Does that make perfect sense, everyone?
The point I am trying to make is that to improve ontology education for scientists, to get more out of short training courses in the time available to all of us in our busy schedules, we need to settle on one non-contradictory vocabulary for the full range of subject matter that we want beginners to the domain to become competent in, and then create introductory training courses using that vocabulary. And it would be best if that vocabulary could be intuitive. Yes, we still need the niche terminology for the experts, and that's OK. But what we sorely lack is a reasonable springboard for getting non-experts initiated into the domain gently. And it's up to us to come up with that springboard. The tools that we expect beginners to use need to reflect that straightforward, intuitive vocabulary and still allow people to interact with the power of the underlying formalisms -- while hiding the complexity.

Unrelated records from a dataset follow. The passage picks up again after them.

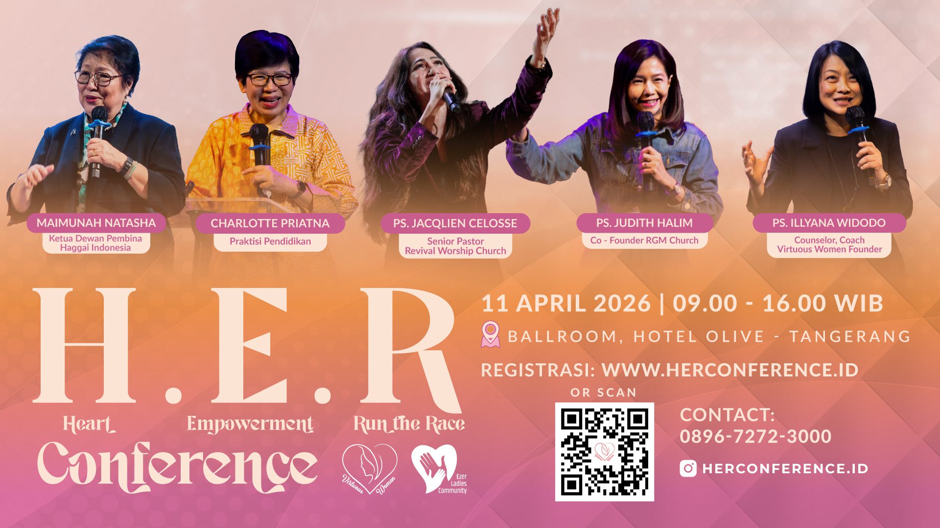 HER Conference diadakan untuk menjadi ruang bagi wanita untuk dipulihkan, diperlengkapi, dan diimpartasi, sehingga setiap wanita dapat bangkit dan menjalankan peran yang Tuhan percayakan di tempat ia ditempatkan.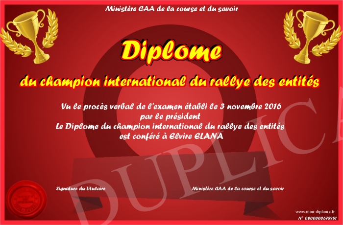Envoyez par email votre Diplôme du champion international du rallye des entités personalisé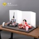 黒色台に白色屏風のスタイリッシュなセットに、京都西陣金襴織物のお衣裳のお雛様を合わせています。
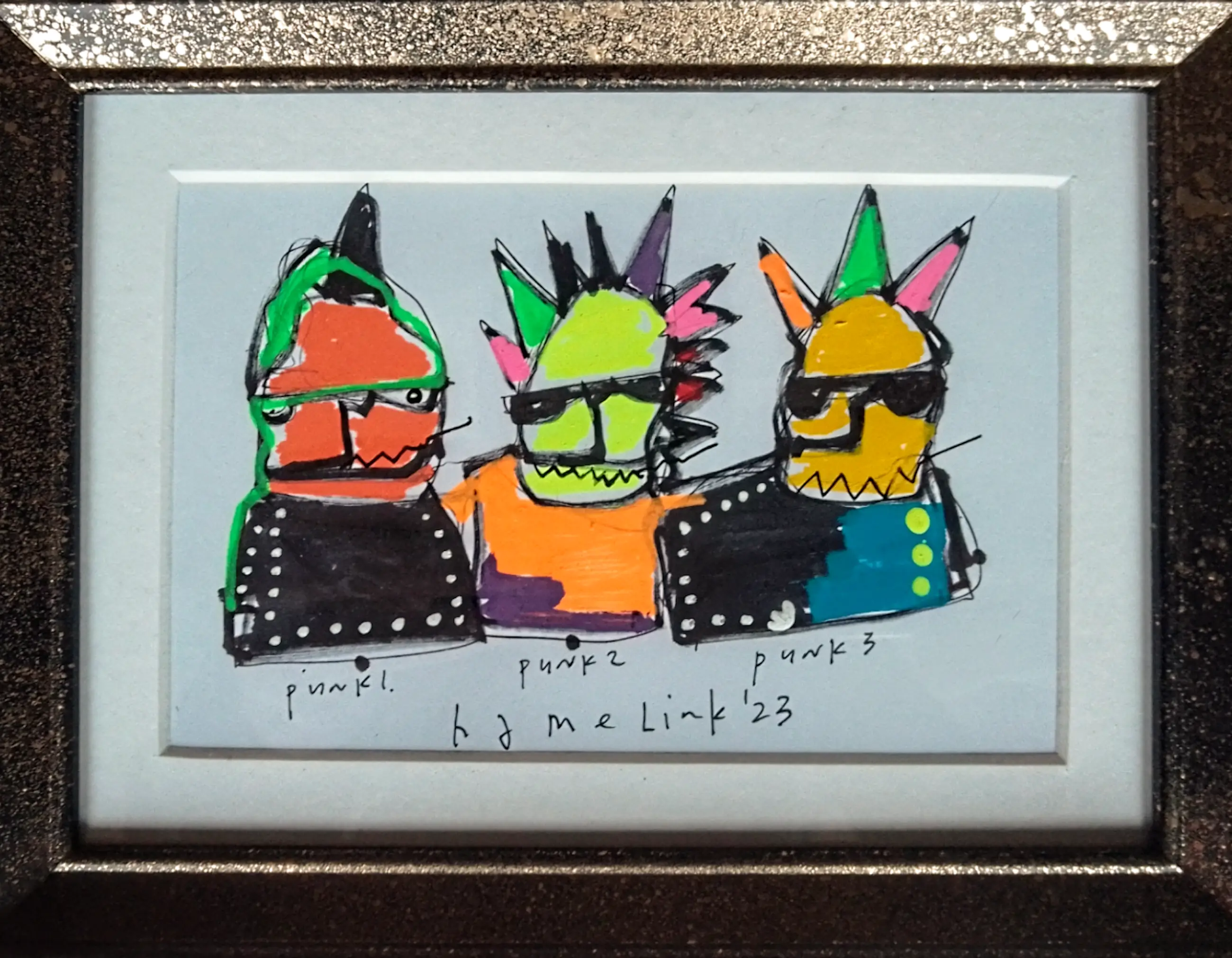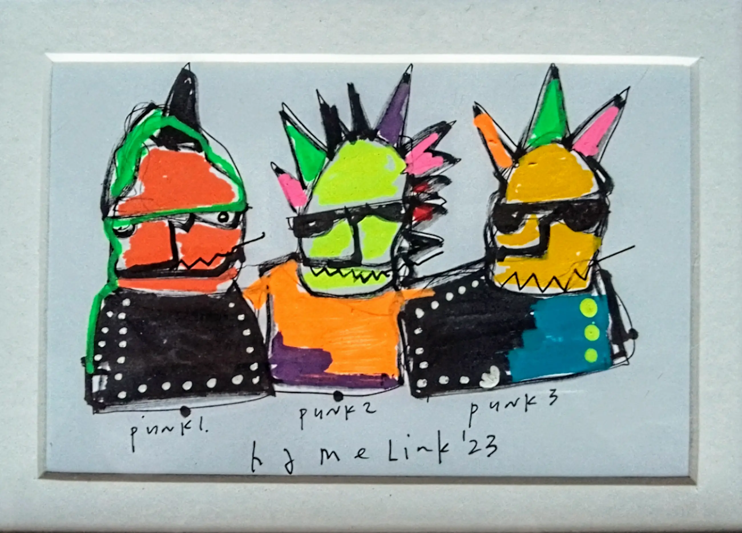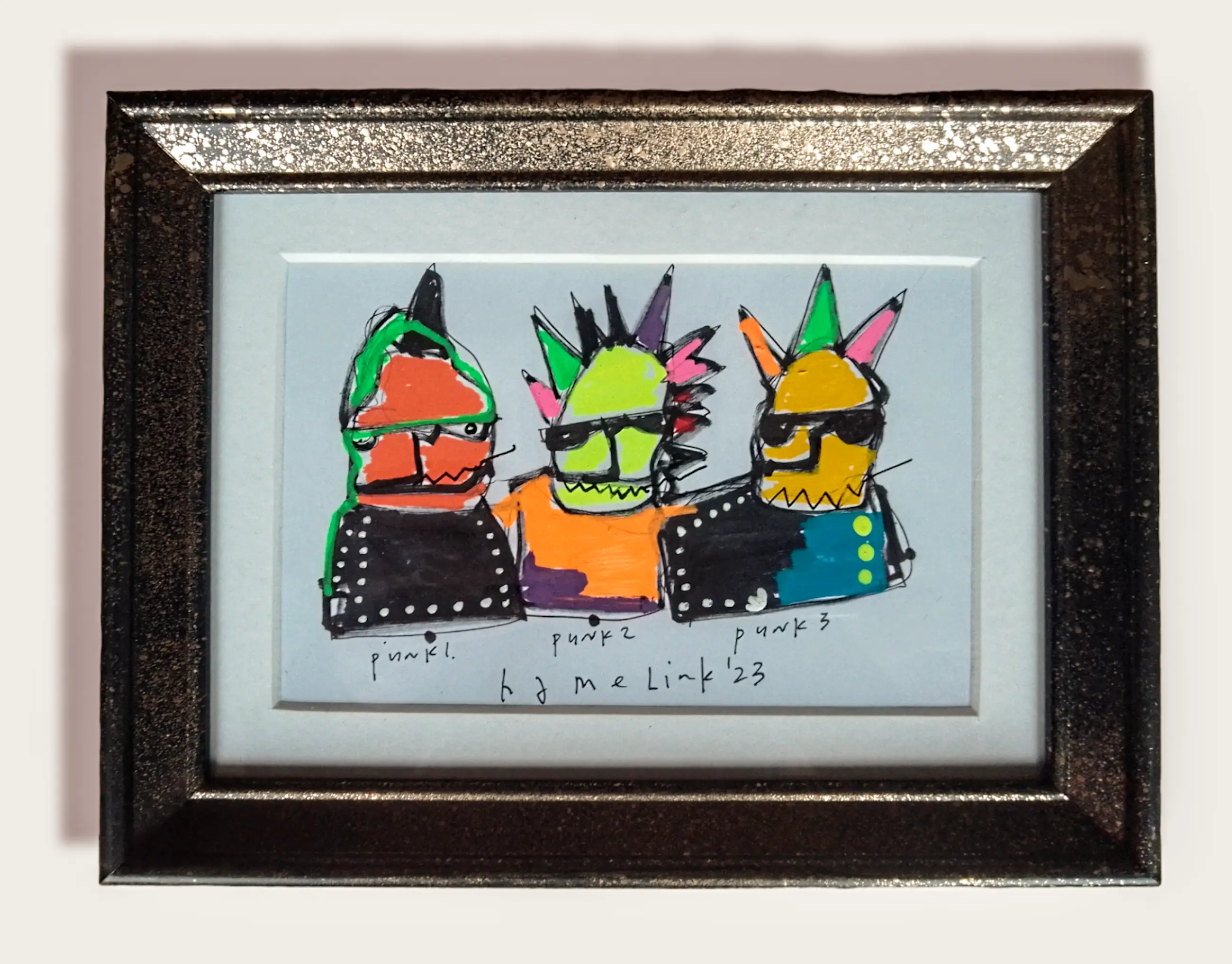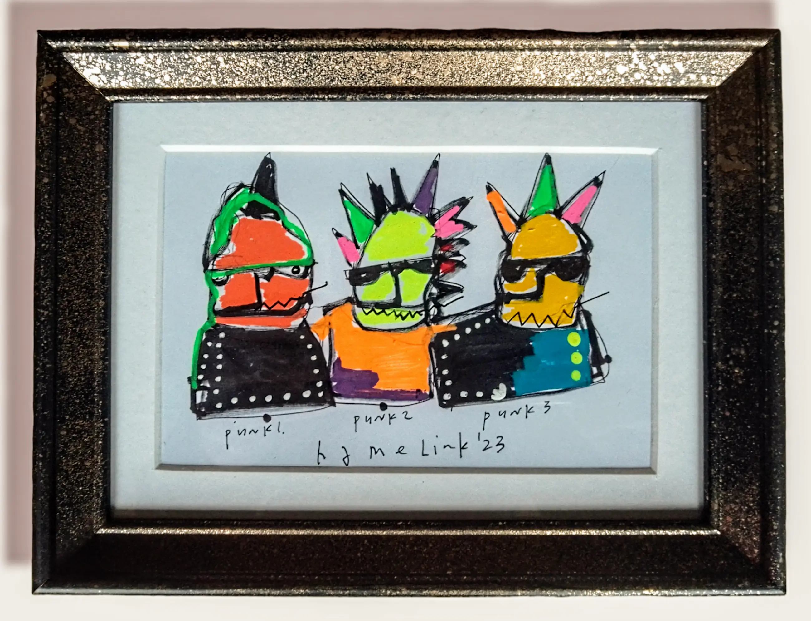 Leuke, coole illustratie tekening van 3 punkers, gemaakt met veel kleuren . Hand gemaakt in 2023 met marker, inkt, acryl.

Secondly, and relatedly, (some of) our tools are (in at least some ways) hopelessly unusable. By normal human beings, that is. And quite likely even by moderately abnormal human beings. OK, what I'm getting at here is you have to really love ontologies or be some kind of psychopath if you are still getting kicks out of hunting down the entity rendering preferences somewhere hidden in the menu options in order to enable the display of actual names rather than incomprehensible strings of numbers when trying to view standard scientific ontologies such as the GO in your tool. Yes, I know that this particularly notorious `feature' of Protégé was recently fixed in the 4.2-beta release, and I am very glad for the hard work and effort the Protégé team have put into iterative improvements in usability. I don't want to list specific examples of what I think are unusable aspects of our tools here, as I know that the developers of these tools do really great work with very little by way of resources. All of these tools are powerful and flexible and do a great job for many people, including myself. I just want to make the very specific point that ontology training isn't going to get any easier until we find the time and money from somewhere to invest into the development of more usable tools targeting the scientists who are our greatest potential customers. Scientists don't have enough time to master a bewildering array of contradictory and opaque vocabulary before they can learn how to use a new tool, and they don't have enough time to learn to get around all the quirks of an unusable tool interface.
Agreeing on a core, easy-to-understand language with which to explain the bio-ontology domain to novices is essential. Creating simple, easy-to-teach views on powerful resources such as BFO and Protégé, and making limited lists of `beginner-friendly' relationships from which to select for re-use in most domain applications, just to ease people in, will enable wider-reaching, more successful ontology education. The in-depth details will always be waiting to be discovered when they are needed.